§ **EXERCISE PROMPT**: Nothing but the lines below from the one containing "بينما النبي صلى" through the one containing "日照 | 積雪 | 降雪 |" should appear in the answer, exact and without pictures.
--- DATA EXTRACT ---
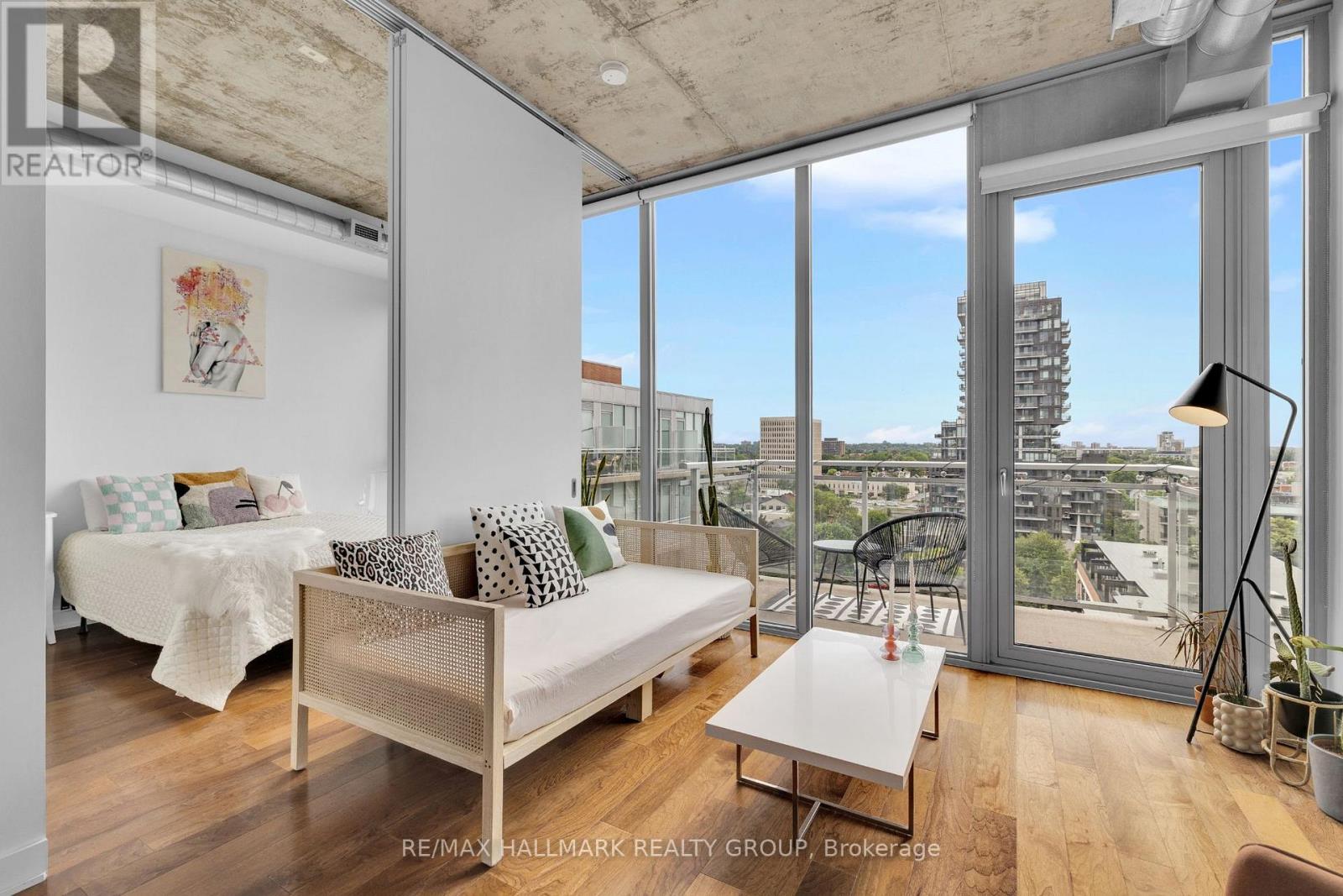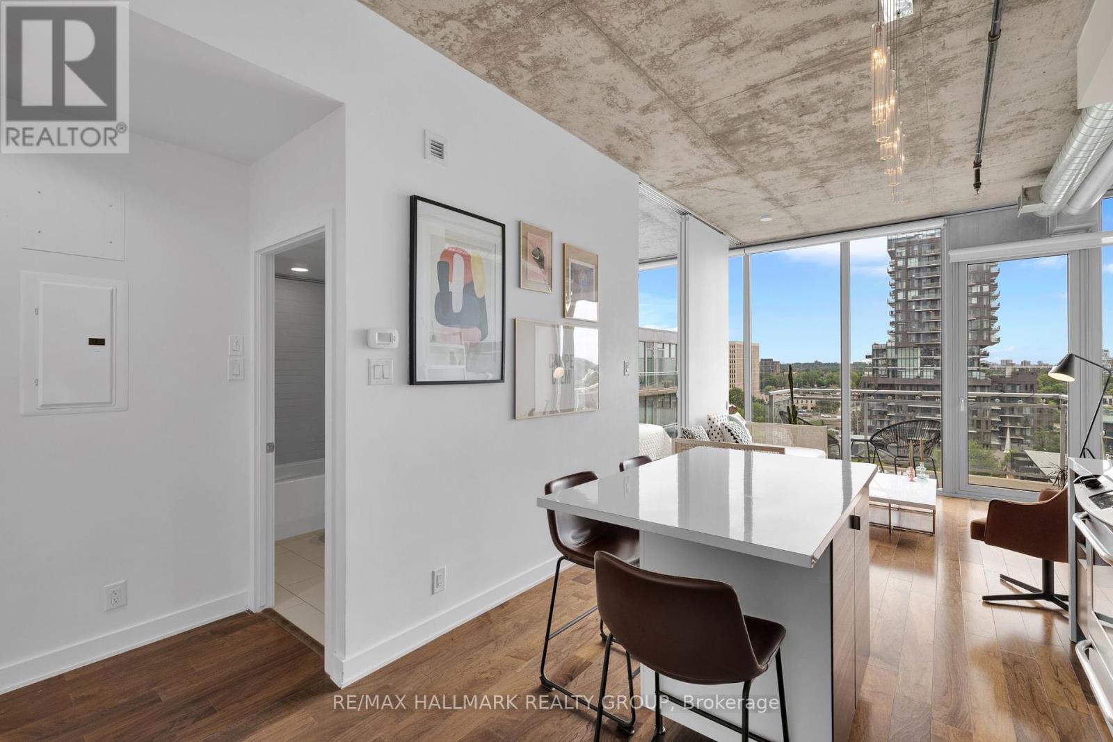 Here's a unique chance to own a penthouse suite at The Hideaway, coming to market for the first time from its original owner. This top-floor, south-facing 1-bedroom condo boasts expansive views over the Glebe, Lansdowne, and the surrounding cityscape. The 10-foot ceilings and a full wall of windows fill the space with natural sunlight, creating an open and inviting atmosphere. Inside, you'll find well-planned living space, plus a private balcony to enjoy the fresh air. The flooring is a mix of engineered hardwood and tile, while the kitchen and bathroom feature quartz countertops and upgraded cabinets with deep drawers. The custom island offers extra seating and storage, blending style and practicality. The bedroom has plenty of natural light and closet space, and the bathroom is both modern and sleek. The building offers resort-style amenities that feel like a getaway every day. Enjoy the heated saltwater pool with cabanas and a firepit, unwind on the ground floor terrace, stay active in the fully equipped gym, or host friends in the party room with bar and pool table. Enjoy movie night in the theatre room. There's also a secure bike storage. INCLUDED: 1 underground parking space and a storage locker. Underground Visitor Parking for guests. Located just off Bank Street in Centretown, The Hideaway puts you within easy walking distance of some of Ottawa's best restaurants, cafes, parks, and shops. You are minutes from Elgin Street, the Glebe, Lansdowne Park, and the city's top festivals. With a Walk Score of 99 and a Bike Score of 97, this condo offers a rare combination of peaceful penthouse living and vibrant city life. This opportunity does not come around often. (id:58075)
---
--- DATA EXTRACT ---
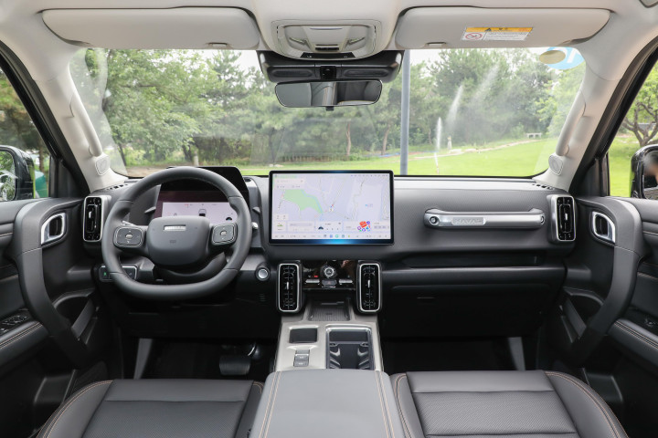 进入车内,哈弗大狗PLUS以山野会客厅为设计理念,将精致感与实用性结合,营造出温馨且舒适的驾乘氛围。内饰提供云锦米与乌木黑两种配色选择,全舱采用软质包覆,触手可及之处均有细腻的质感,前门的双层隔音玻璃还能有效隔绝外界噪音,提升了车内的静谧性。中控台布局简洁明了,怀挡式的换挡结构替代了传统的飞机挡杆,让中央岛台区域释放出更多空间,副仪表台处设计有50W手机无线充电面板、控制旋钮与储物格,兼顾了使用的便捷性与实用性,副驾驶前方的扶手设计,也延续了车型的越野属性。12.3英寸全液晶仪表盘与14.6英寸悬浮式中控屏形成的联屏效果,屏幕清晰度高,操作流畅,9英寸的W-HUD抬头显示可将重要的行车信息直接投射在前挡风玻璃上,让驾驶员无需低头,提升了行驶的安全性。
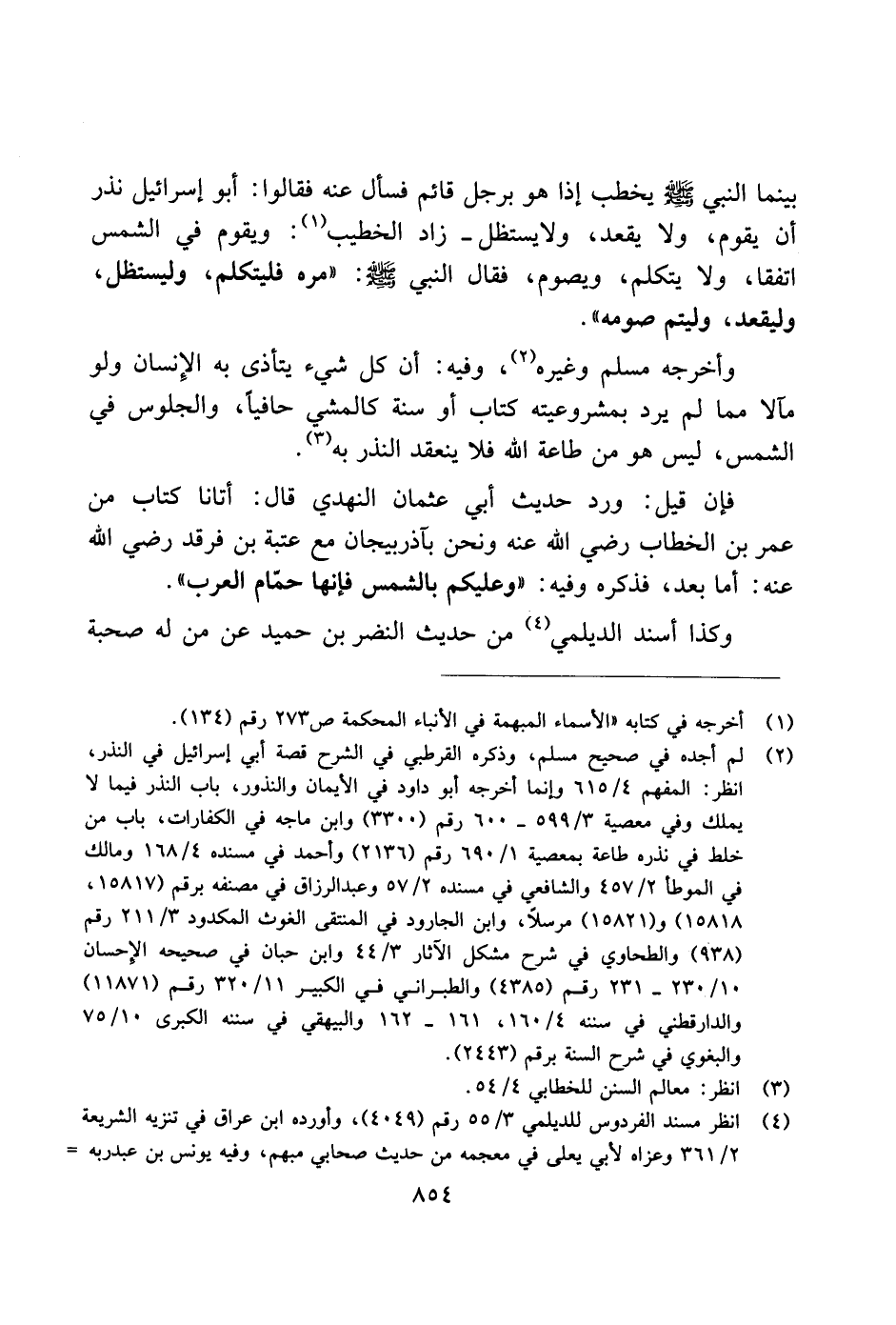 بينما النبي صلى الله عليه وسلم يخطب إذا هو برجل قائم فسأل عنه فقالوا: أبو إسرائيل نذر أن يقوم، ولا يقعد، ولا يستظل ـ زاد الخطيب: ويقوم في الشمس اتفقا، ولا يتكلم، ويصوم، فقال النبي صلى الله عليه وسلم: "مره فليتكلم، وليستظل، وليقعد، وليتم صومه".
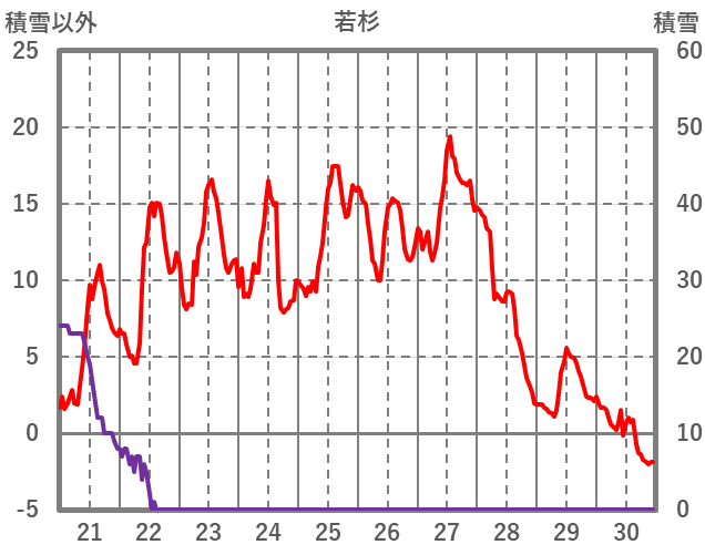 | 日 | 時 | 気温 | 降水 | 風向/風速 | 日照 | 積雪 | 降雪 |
---
§ **REPLY**:
 بينما النبي صلى الله عليه وسلم يخطب إذا هو برجل قائم فسأل عنه فقالوا: أبو إسرائيل نذر أن يقوم، ولا يقعد، ولا يستظل ـ زاد الخطيب: ويقوم في الشمس اتفقا، ولا يتكلم، ويصوم، فقال النبي صلى الله عليه وسلم: "مره فليتكلم، وليستظل، وليقعد، وليتم صومه".
 | 日 | 時 | 気温 | 降水 | 風向/風速 | 日照 | 積雪 | 降雪 |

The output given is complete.